Mensagem por Ghost em Sex Abr 08, 2011 9:19 pm

Estava pronto para minha terceira batalha. Finalmente o fim se aproximava, pois essa era a final da nossa chave e quem vencesse iria lutar na final. Eu estava confiante em relação àquela batalha, mas receoso em relação à final – pois estava quase convicto de que se ganhasse agora teria de enfrentar Yann e pôr em provas todas os meus epítetos, se ele fosse realmente como todos dizem.
Entramos na arena e nos pusemos nos tradicionais lugares. Esperava que tivesse feito ao menos uma pequena camada de fãs com meus primeiros combates. Pude ver algumas pessoas com cartazes dizendo “Vai, Steve” e “Steve vai arrasar”, mas em contrapartida também havia cartazes feitos para Melissa.
Nós estávamos aguardando a escolha da regra especial, cada um em sua plataforma. De repente o narrador falou:
– Cada treinador só poderá usar um Pokémon até o fim da batalha. Dessa vez, temos um cenário predefinido: uma ponte velha prestes a despencar num penhasco. Se quando as cordas cederem ninguém tiver vencido, a vitória será tirada no cara ou coroa.

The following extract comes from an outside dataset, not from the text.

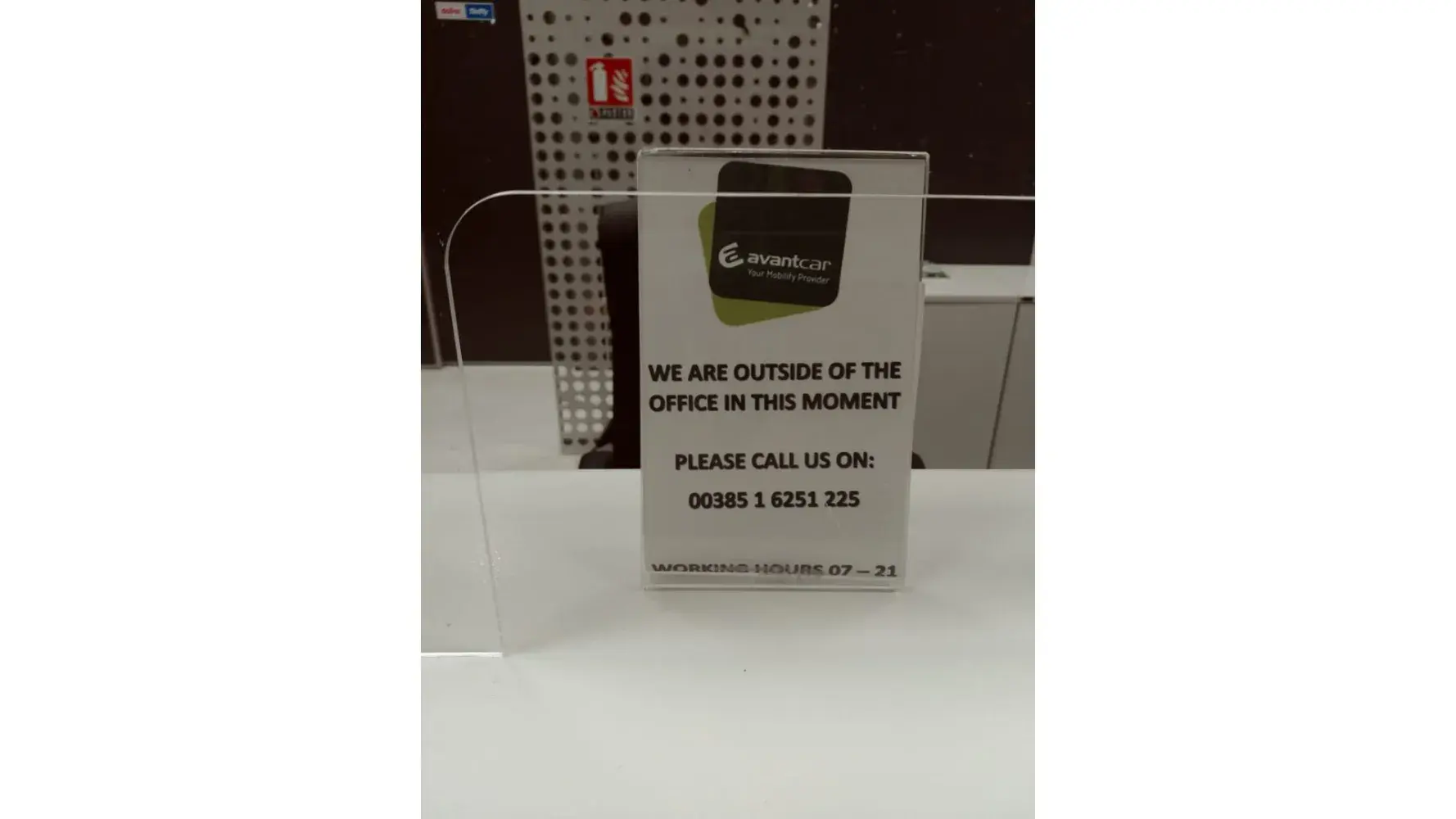 When we arrived to pick up the car at 23:00, it turned out to our displeasure that the representative of the rental company was not found, he finished his work at 21:00. And there is no one to help us and we are stuck at the airport with no answer. (Attached is a picture of the message that appears on his counter).

Os espectadores aplaudiram, gostando. Mas eu não gostei nem um pouco. Os treinadores e Pokémons deviam ser avaliados pela sua competência e não pela sorte. Mais um desafio para eu meus amigos. Só restava escolher que Pokémon usar.
– Vocês têm três minutos para escolherem o Pokémon – falou o narrador.
Lotad? Não, ele era muito novo e inexperiente para algo assim, se bem que... Zubat?
– Pokémons voadores não podem participar – falou o narrador.
Pronto, ele respondeu à minha pergunta. Zubat também não poderia. O Mightyena será uma ótima escolha, mas eu não o tinha inscrito na competição. Então só me restava a Snorunt. Eu confiava nela.
– Que comece a batalha! – gritou o juiz.
– Aipom, é co' ocê, sô!
Tá, você percebeu. Sim, ela era caipira e tinha um sotaque daqueles. Quase que isso me desconcentra na batalha. De tão engraçado que foi.
– Snorunt, vai lá!
Nossos Pokémons se encararam. Subitamente, nossas plataformas começaram a subir e o campo de luta virou uma enorme ponte com o piso de tábuas podres e com cordas desfiadas presas de cada lado de uma montanha, e abaixo havia um desfiladeiro sem fundo. Ambos Pokémons pararam para olhar a paisagem como nós. O público começou a gritar “Luta! Luta!”, e eu soube que hora chegara. Dessa vez, abrindo uma exceção, comecei atacando.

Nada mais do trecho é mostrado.